A Quantitative Characterization of Forgetting in Post-Training

Continual post-training of generative models is widely used, yet a principled understanding of when and why forgetting occurs remains limited. We develop theoretical results under a two-mode mixture abstraction (representing old and new tasks), proposed by Chen et al. (2025) (arXiv:2510.18874), and formalize forgetting in two forms: (i) mass forgetting, where the old mixture weight collapses to zero, and (ii) old-component drift, where an already-correct old component shifts during training. For equal-covariance Gaussian modes, we prove that forward-KL objectives trained on data from the new distribution drive the old weight to zero, while reverse-KL objectives converge to the true target (thereby avoiding mass forgetting) and perturb the old mean only through overlap-gated misassignment probabilities controlled by the Bhattacharyya coefficient, yielding drift that decays exponentially with mode separation and a locally well-conditioned geometry with exponential convergence. We further quantify how replay interacts with these objectives. For forward-KL, replay must modify the training distribution to change the population optimum; for reverse-KL, replay leaves the population objective unchanged but prevents finite-batch old-mode starvation through bounded importance weighting. Finally, we analyze three recently proposed near-on-policy post-training methods, SDFT (arxiv:2601.19897), TTT-Discover (arxiv:2601.16175), and OAPL (arxiv:2602.19362), via the same lens and derive explicit conditions under which each retains old mass and exhibits overlap-controlled drift. Overall, our results show that forgetting can by precisely quantified based on the interaction between divergence direction, geometric behavioral overlap, sampling regime, and the visibility of past behavior during training.
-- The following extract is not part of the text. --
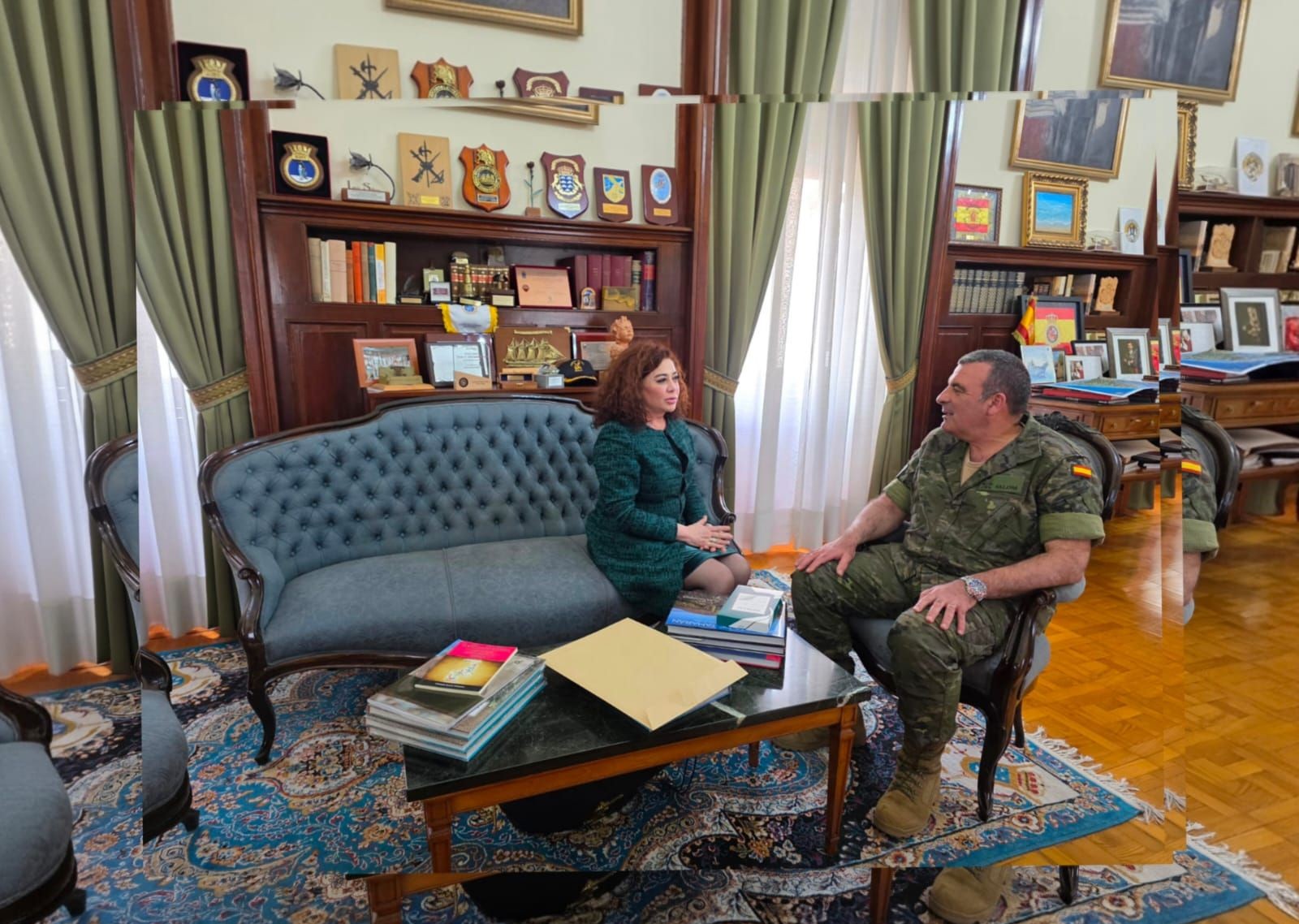 La presidenta del Real Casino de Tenerife, Beatriz Barrera Vera, fue recibida ayer jueves, 12 de marzo, por el teniente general Julio Salom Herrera, jefe del Mando de Canarias del

翻译：生成模型的持续后训练被广泛使用，然而对于遗忘何时发生及其原因的机理理解仍然有限。我们在Chen等人（2025）（arXiv:2510.18874）提出的双模态混合抽象（代表旧任务和新任务）下发展理论结果，并将遗忘形式化为两种形式：（i）质量遗忘，即旧混合权重坍缩为零；（ii）旧成分漂移，即已正确的旧成分在训练期间发生偏移。对于等协方差的高斯模态，我们证明：在新分布数据上训练的前向KL目标会驱使旧权重趋于零，而反向KL目标则收敛到真实目标（从而避免质量遗忘），并且仅通过由Bhattacharyya系数控制的重叠门限误分配概率扰动旧均值，从而产生随模态分离度指数衰减的漂移，并具有局部良态的几何结构和指数收敛性。我们进一步量化了回放机制与这些目标的相互作用。对于前向KL，回放必须修改训练分布以改变总体最优解；对于反向KL，回放保持总体目标不变，但通过有界重要性加权防止有限批次下的旧模态饥饿。最后，我们通过相同视角分析了三种近期提出的近在线策略后训练方法——SDFT（arxiv:2601.19897）、TTT-Discover（arxiv:2601.16175）和OAPL（arxiv:2602.19362），并推导出每种方法保留旧质量及呈现重叠控制漂移的显式条件。总体而言，我们的结果表明：遗忘可以根据散度方向、几何行为重叠、采样机制以及训练过程中过去行为的可见性之间的相互作用进行精确量化。